The primary cause of earthquakes is the movement of masses of earth along fault lines. Fault lines can occur anywhere. Nevertheless, they are normally created from pressure generated by the movement of continental plates on the mantle of the earth. These plates were first theorized by a German meteorologist and astronomer named Alfred Lothar Wegener (1880-1930). (Photograph below courtesy of the Alfred Wegener Institute for Polar and Marine Research, Bremerhaven, Germany.) At the time he was ridiculed for his ideas, but later they were substantiated by further research. Even so, the theory of plate tectonics only became widely accepted within the last half of the 1900s.

There is constant pressure on continental plates to move. Yet the friction of land masses being pushed together only allows movement to occur in fits and starts. So when movement finally comes as a result of all this continental pushing, we often feel it, and we call it an earthquake. Some of the geological activities caused by plate tectonics include volcanoes, mountain creation, island creation and a phenomena known as subduction.

Subduction occurs when one plate (usually an ocean plate) gets pushed beneath another plate (usually a land mass). Imagine one huge mass of rock, being pushed beneath another huge mass of rock. As might be imagined, it is within subduction zones that the most numerous and most severe earthquakes happen. One of the most prominent subduction zones runs along the Pacific Coast of the United States. This is why California is notorious for its earthquakes.

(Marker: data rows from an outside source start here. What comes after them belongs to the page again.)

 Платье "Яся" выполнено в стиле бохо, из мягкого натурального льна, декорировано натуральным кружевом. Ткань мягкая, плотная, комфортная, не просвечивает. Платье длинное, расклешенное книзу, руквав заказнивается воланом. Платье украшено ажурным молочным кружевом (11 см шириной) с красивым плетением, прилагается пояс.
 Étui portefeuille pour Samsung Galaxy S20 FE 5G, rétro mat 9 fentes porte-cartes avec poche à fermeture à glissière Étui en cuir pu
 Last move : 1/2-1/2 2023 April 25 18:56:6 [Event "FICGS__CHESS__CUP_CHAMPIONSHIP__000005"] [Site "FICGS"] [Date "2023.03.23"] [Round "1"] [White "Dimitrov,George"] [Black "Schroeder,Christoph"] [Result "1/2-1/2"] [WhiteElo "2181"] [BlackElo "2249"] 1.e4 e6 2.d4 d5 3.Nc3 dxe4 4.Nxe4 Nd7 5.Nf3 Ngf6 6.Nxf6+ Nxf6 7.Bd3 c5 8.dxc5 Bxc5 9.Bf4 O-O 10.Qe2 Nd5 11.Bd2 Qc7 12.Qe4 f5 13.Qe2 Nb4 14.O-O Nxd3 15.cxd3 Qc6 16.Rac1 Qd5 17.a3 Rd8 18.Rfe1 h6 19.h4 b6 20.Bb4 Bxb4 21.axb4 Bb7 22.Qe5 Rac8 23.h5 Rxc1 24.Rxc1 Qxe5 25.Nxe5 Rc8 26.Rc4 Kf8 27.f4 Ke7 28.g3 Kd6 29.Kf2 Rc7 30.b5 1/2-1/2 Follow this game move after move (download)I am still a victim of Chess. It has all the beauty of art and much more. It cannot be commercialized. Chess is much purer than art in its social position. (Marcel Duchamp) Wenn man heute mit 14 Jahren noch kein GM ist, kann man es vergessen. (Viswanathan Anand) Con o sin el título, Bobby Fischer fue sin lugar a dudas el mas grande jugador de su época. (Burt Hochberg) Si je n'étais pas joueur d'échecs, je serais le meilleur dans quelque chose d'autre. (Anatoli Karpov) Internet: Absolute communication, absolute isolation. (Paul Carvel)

Intra-plate earthquakes can also occur far away from plate boundaries. They may be caused by the shifting of old faults and plate adjustments from crust movements occurring slowly over very long periods. Though these quakes may be as severe as quakes in subduction zones, they tend to be far less frequent.

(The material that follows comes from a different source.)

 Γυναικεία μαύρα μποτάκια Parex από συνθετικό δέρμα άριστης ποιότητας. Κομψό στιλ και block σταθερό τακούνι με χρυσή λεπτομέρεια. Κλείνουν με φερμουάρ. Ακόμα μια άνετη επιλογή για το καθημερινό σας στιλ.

Faults that occur close the surface of a plate usually generate the most significant quakes. Earthquakes seldom cause the earth to actually crack open along a fault line. Nevertheless, earthquakes can cause landslides, avalanches and the demise of land formations that are already prone to collapse.

Earthquakes may also be felt a long distance from the fault plane where they occur. This is due to a wave action that ripples out from the epicenter of a quake. There are two types of waves. Body waves are generated and move rapidly underground, yet it can break out onto the surface where it becomes a surface wave. The surface wave, not unnaturally, is what causes most of the damage in an earthquake. The body wave travels faster than the surface wave and will often be felt a second or more before the arrival of the destructive surface wave.

As waves radiate outward from their source, they weaken. Yet the character of the wave can be changed by the types of soil and rock that it travels through, sandy soils increase the damage potential of a quake.

After the main quake, aftershocks are common. They are a result of a realignment of the crust around a major fault movement. Aftershocks usually occur within a few days of the main quake, becoming less and less serious over time. Generally, there will be at least one earthquake of one degree of magnitude smaller than the main shock and up to 10 aftershocks that are two degrees smaller. There will likely also be a large number of shocks even smaller. These aftershocks can pose a great danger to rescue and cleanup crews.